→ REQUIRED ACTION: What is needed is an exact reproduction of the listing, without its pictures.

→ RECORDS FOR THE TASK:
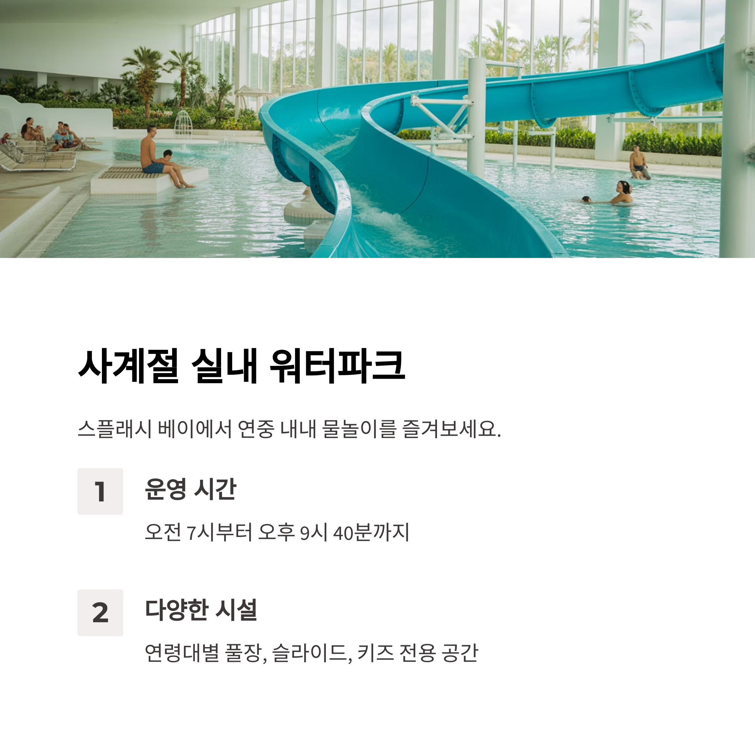 인스파이어 리조트의 실내 워터파크 '스플래시 베이'는 연중 내내 이용 가능한 실내 시설로, 다양한 연령대의 가족 구성원들이 모두 즐길 수 있는 다채로운 시설을 갖추고 있습니다. 성인과 어린이 모두를 위한 다양한 풀장과 슬라이드, 그리고 편안한 휴식 공간까지 완벽하게 조성되어 있습니다.
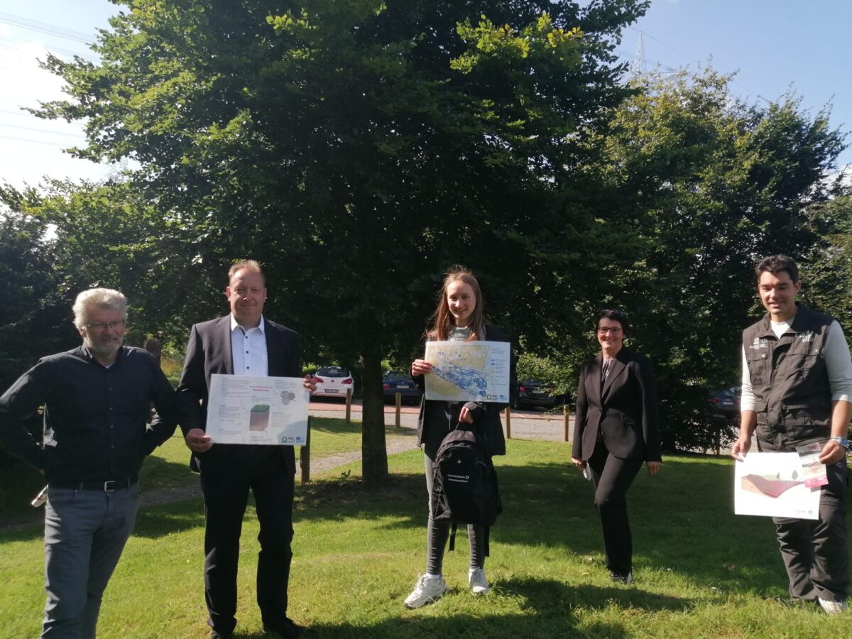 Foto: v.l. Hartmut Escher, Christian Weber, Alexandra Semenova, Abteilungsleiterin Bodenschutz Astrid Uhlenbusch, Geologe Dr. Tobias Fischer
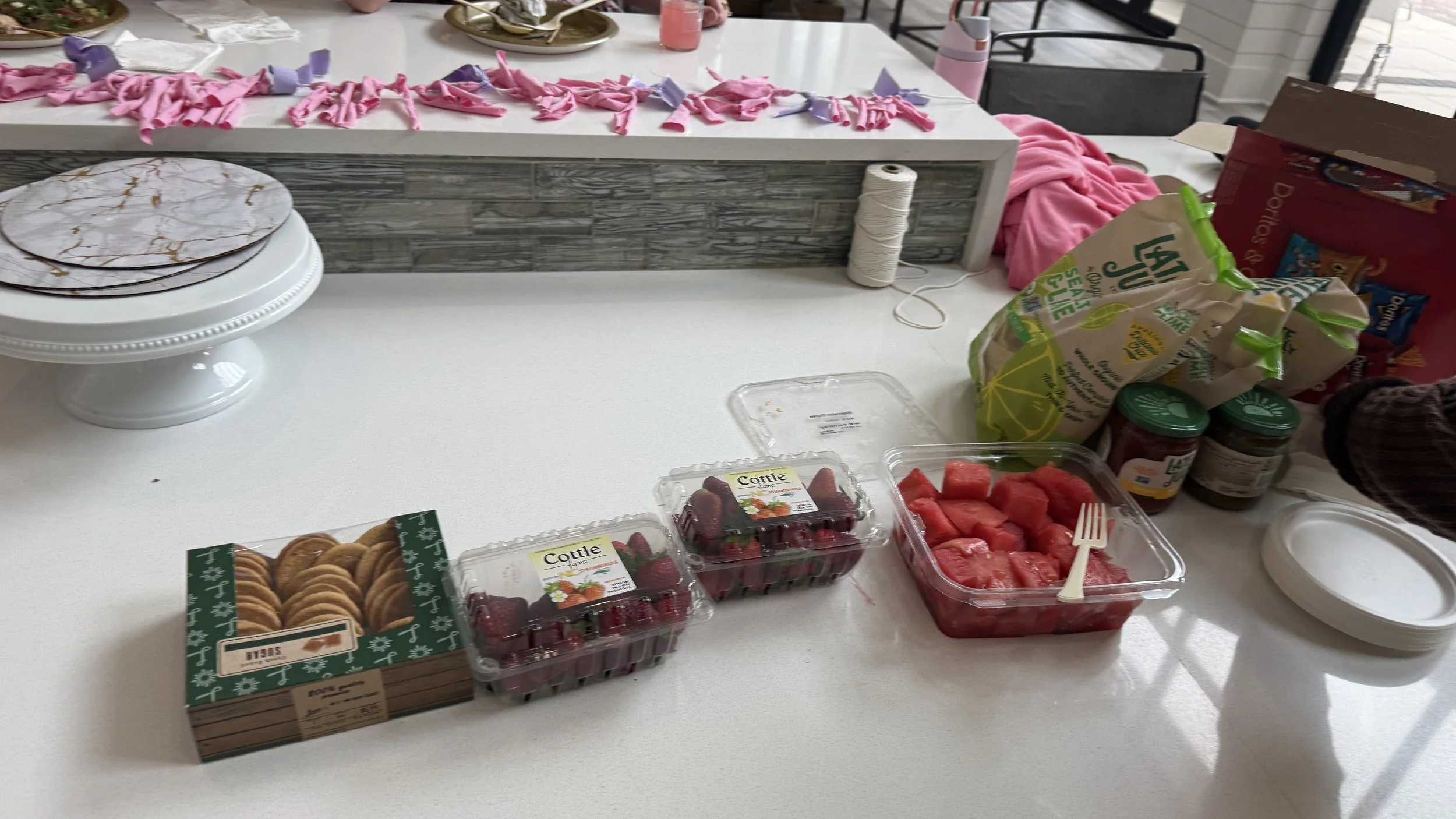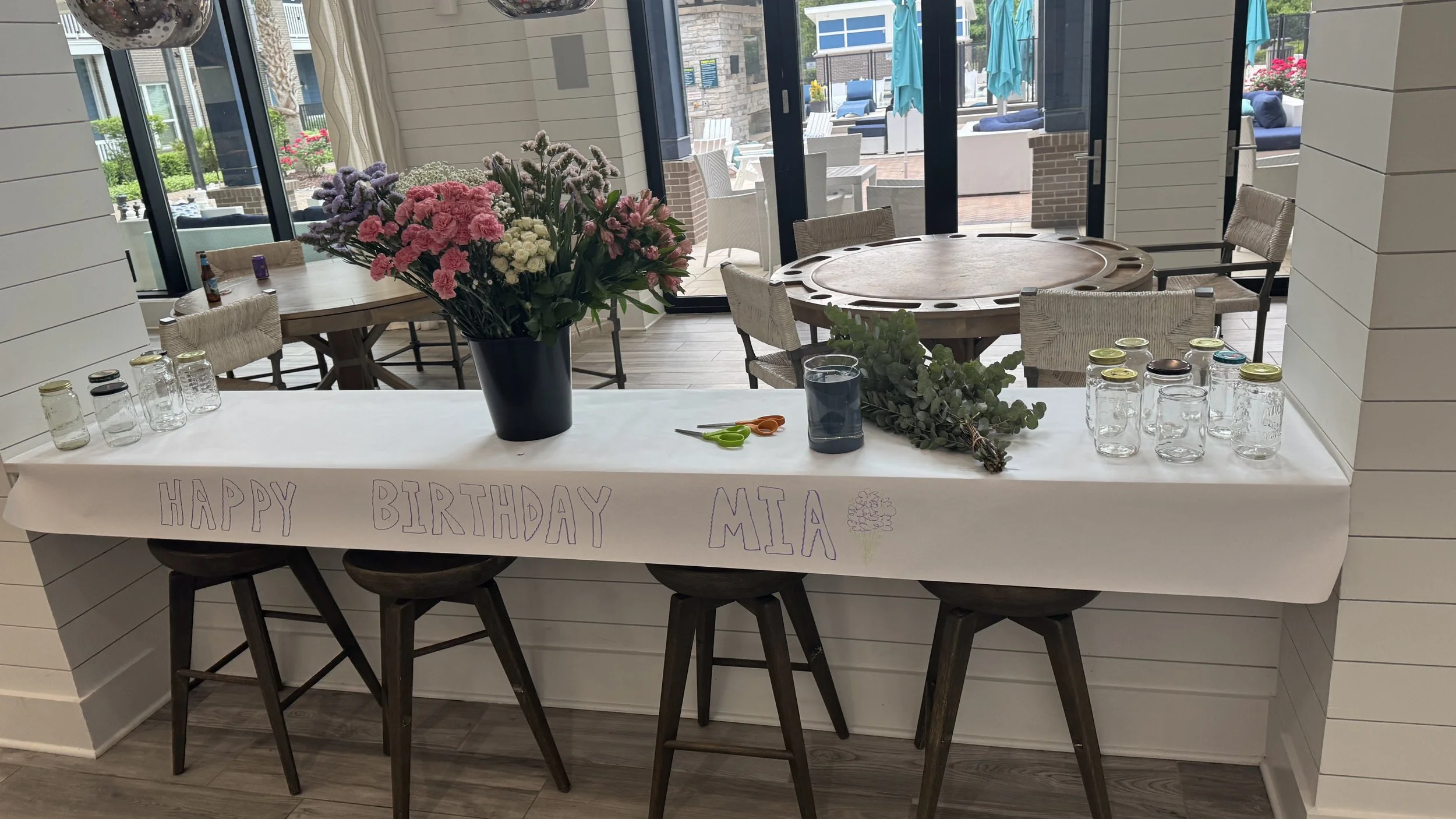 With the art supplies, games, and flowers there was already a lot going on and I am not a fan one time use decorations that just end up in a landfill. I did look into more sustainable options for party decorations but it was too expensive and not needed anyways!
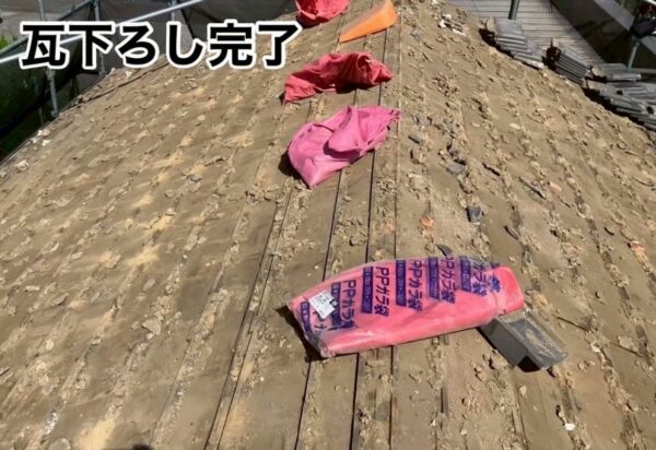 まずは、既存の瓦と葺き土を撤去し、下地から新しく造り直していきます。
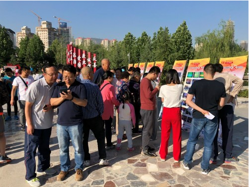 兰州南湖公园内职工通过手机微信开展有奖知识答题

→ PROBLEM SOLUTION:
 인스파이어 리조트의 실내 워터파크 '스플래시 베이'는 연중 내내 이용 가능한 실내 시설로, 다양한 연령대의 가족 구성원들이 모두 즐길 수 있는 다채로운 시설을 갖추고 있습니다. 성인과 어린이 모두를 위한 다양한 풀장과 슬라이드, 그리고 편안한 휴식 공간까지 완벽하게 조성되어 있습니다.
 Foto: v.l. Hartmut Escher, Christian Weber, Alexandra Semenova, Abteilungsleiterin Bodenschutz Astrid Uhlenbusch, Geologe Dr. Tobias Fischer
 With the art supplies, games, and flowers there was already a lot going on and I am not a fan one time use decorations that just end up in a landfill. I did look into more sustainable options for party decorations but it was too expensive and not needed anyways!
 まずは、既存の瓦と葺き土を撤去し、下地から新しく造り直していきます。
 兰州南湖公园内职工通过手机微信开展有奖知识答题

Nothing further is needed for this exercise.